The findings presented here show that it is indeed possible for more rational decision making to emerge – at least on a value based reversal learning task – after bilateral vmPFC lesions. This is not to say that all decisions and behaviours become more rational after such brain damage. Clearly, although he managed to continue to work in a demanding job, patient MJ showed evidence of dysfunction in social cognition and some aspects of decision making and judgment in everyday life, just as previous reported cases (Eslinger and Damasio, 1985; Bechara et al., 2000; Berlin et al., 2004; Shamay-Tsoory et al., 2005).

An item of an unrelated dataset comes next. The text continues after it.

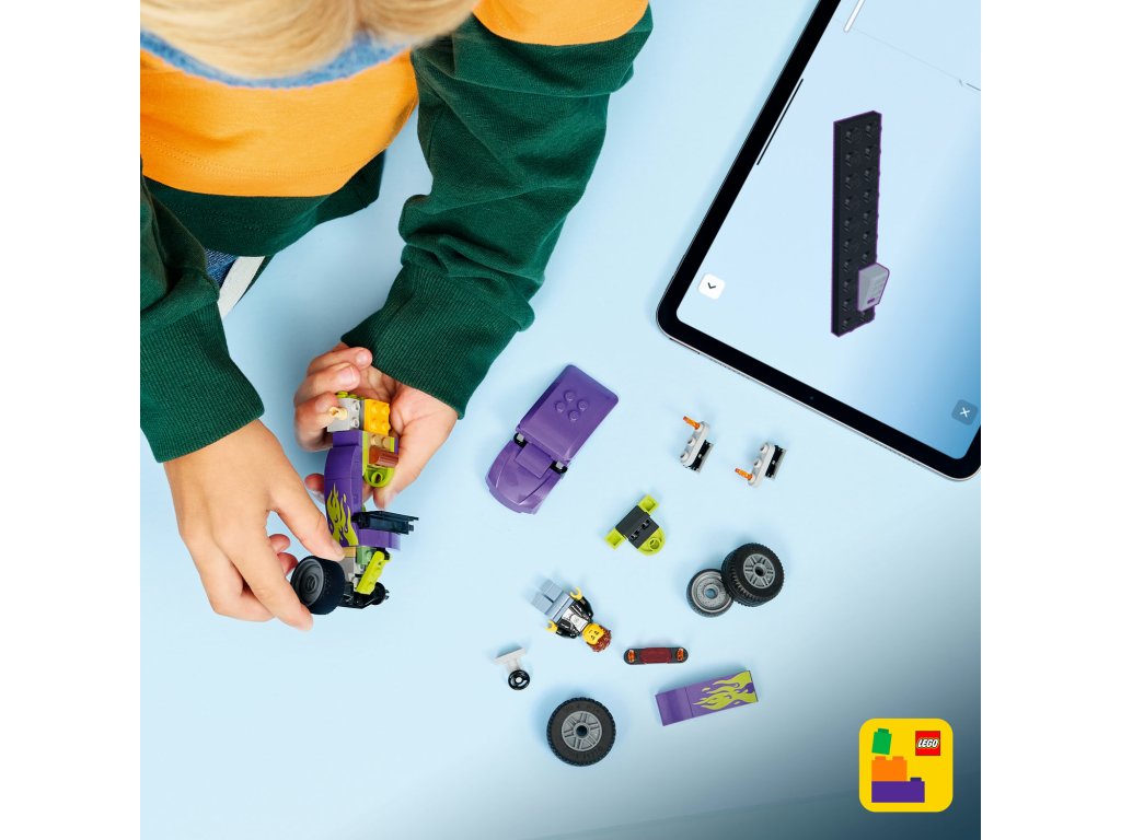 Malí milovníci závodních aut od 5 let můžou vyrazit se na superrychlé závody s autíčkem LEGO® City Hot rod (60485). Tato stavebnice auta nadchne malé stavitele díky propracovaným závodním prvkům, včetně obrovských zadních pneumatik, kokpitu řidičese zvedací střechou a parádnímu fialovému barevnému provedení s neonově zelenými plameny. Stačí přidat minifigurku řidiče a můžete odstartovat superrychlou jízdu! Tato malá stavebnice představuje skvělý dárek k narozeninám nebo pro radost pro kluky i h olky, kteří milují klasická autíčka, stavění a hru na nápadité příběhy. Zkombinujte ji s dalšími stavebnicemi z řady LEGO City (prodávají se samostatně) a zažijte ještě více napínavých závodů. Děti si užijí stavění modelu LEGO Hot rodu s intuitivní aplikací LEGO Builder, která jim umožňuje přibližovat a otáčet model ve 3D a ukládat a sledovat postup stavění. Stavebnice obsahuje 81 dílků.

There is some previous circumstantial evidence that mPFC lesions may reduce decision biases. For example, patients with mPFC damage show smaller biases in probabilistic estimation (O’Callaghan et al., 2018), reduced affective contributions to reasoning (Shamay-Tsoory et al., 2005), and may indeed make more utilitarian moral judgements, suggesting more rational valuation with less affective bias (Ciaramelli et al., 2007; Koenigs et al., 2007; Krajbich et al., 2009). These effects might be underpinned by a more general increase in rationality after damage to this region. One possible explanation for this is that individuals with vmPFC lesions might be free of affective biases that normally contribute to such decision making but this remains to be established.

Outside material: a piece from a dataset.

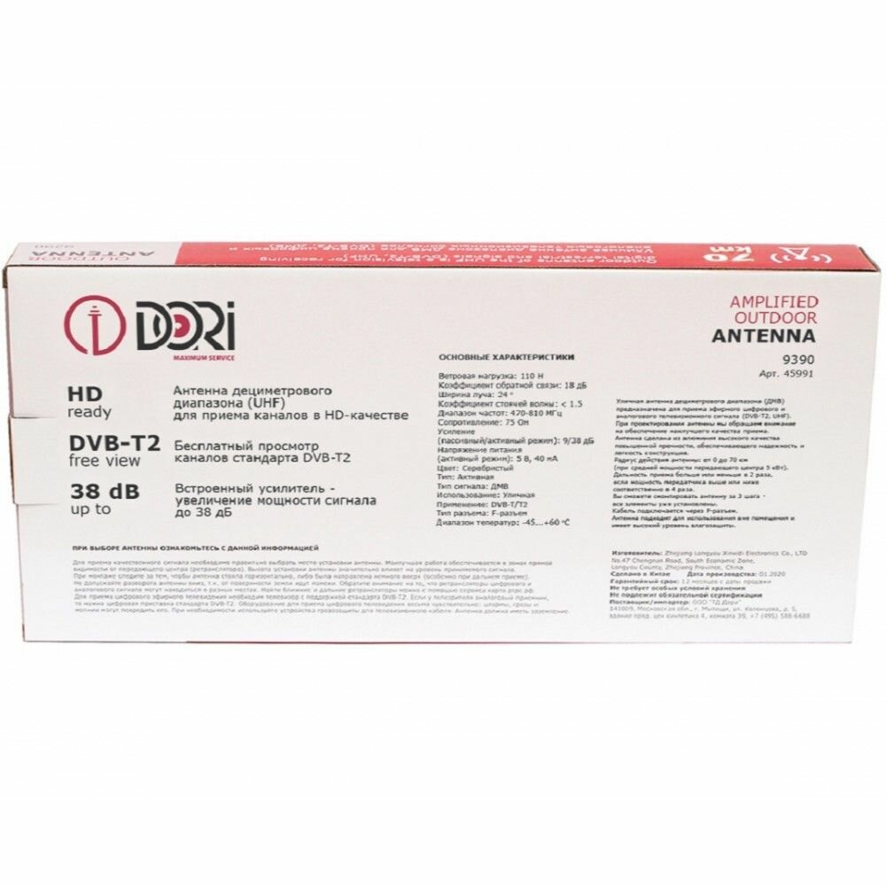 Антенна Dori 9390, уличная, активная, 38 дБ, DVB-T, DVB-T2, цифровая, с училителем

In line with this, Shiv et al. (2005) asked patients with a variety of lesions (amygdala, orbitofrontal and insula) to opt in or out of gambles with positive expected value. Controls tended to opt out especially after a loss, whereas the patients continued to bet, thus winning more. This can be compared to our win-stay analysis (Fig.3F), where MJ bet more than controls on win-stay choices, but did not bet less on lose-switch choices. Further evidence that biases can depend on specific brain areas comes from patients with insula damage, who may lose the normal tendency towards the gamblers’ fallacy (Clark et al., 2014). With this bias, participants tend to re-choose an option that previously lost (because the history of wins should balance out on average). Transcranial stimulation to lateral prefrontal cortex increases this bias (Xue et al., 2012). In our study, there is a possible analogy with the unchosen option effect (Fig.4C), where people bet less when the alternative was valuable (perhaps also because the two options should balance out on average). Unilateral ventromedial patients lost this bias. However, in our task, lesions did not affect the option decisions themselves.

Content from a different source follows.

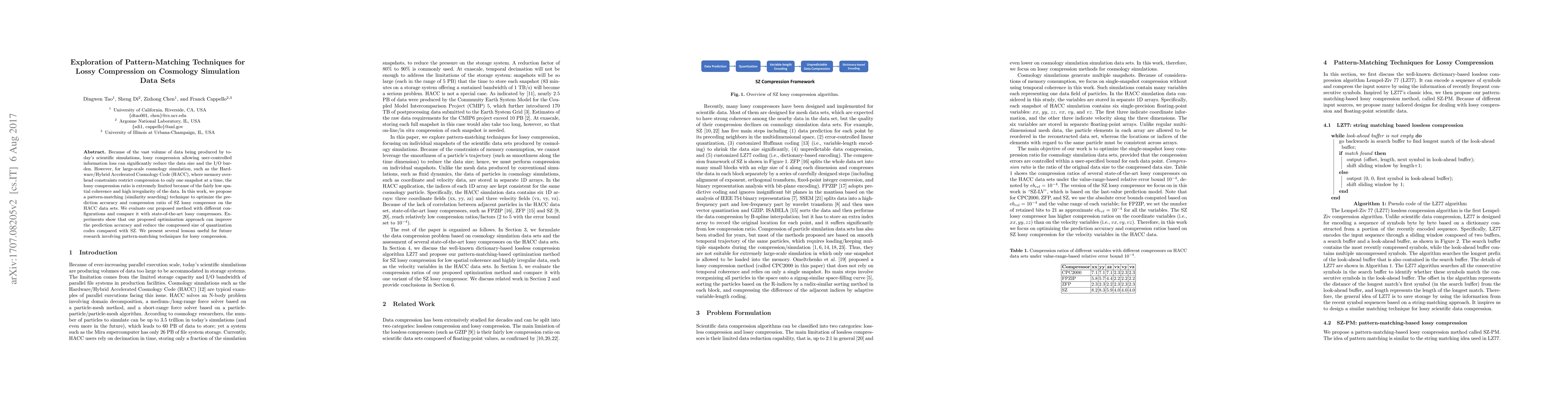 Because of the vast volume of data being produced by today's scientific simulations, lossy compression allowing user-controlled information loss can significantly reduce the data size and the I/O burden. However, for large-scale cosmology simulation, such as the Hardware/Hybrid Accelerated Cosmology Code (HACC), where memory overhead constraints restrict compression to only one snapshot at a time, the lossy compression ratio is extremely limited because of the fairly low spatial coherence and high irregularity of the data. In this work, we propose a pattern-matching (similarity searching) technique to optimize the prediction accuracy and compression ratio of SZ lossy compressor on the HACC data sets. We evaluate our proposed method with different configurations and compare it with state-of-the-art lossy compressors. Experiments show that our proposed optimization approach can improve the prediction accuracy and reduce the compressed size of quantization codes compared with SZ. We present several lessons useful for future research involving pattern-matching techniques for lossy compression.

Biases from previous trials may rely on information retained in working memory. Thus an important null result is that the bilateral patient was unimpaired in working memory accuracy (Table S2). He had considerable difficulty remembering verbal lists (Table 1). This memory deficit might have contributed to his lack of trial history biases. However, against this possibility, performance was normal on a specific working memory task, suggesting that the previous bet effect was not simply memory-related. Furthermore, his normal learning and decision-making indicate he was integrating and retaining the specific value information involved in the biases, making memory deficits less likely to contribute. One interpretation of the loss of bias could be that medial frontal areas are required for normal integration of the biasing or interfering information into the current decision. An alternative interpretation is that normal biases are driven by suboptimal heuristics, and that medial frontal lesions abolish these heuristics.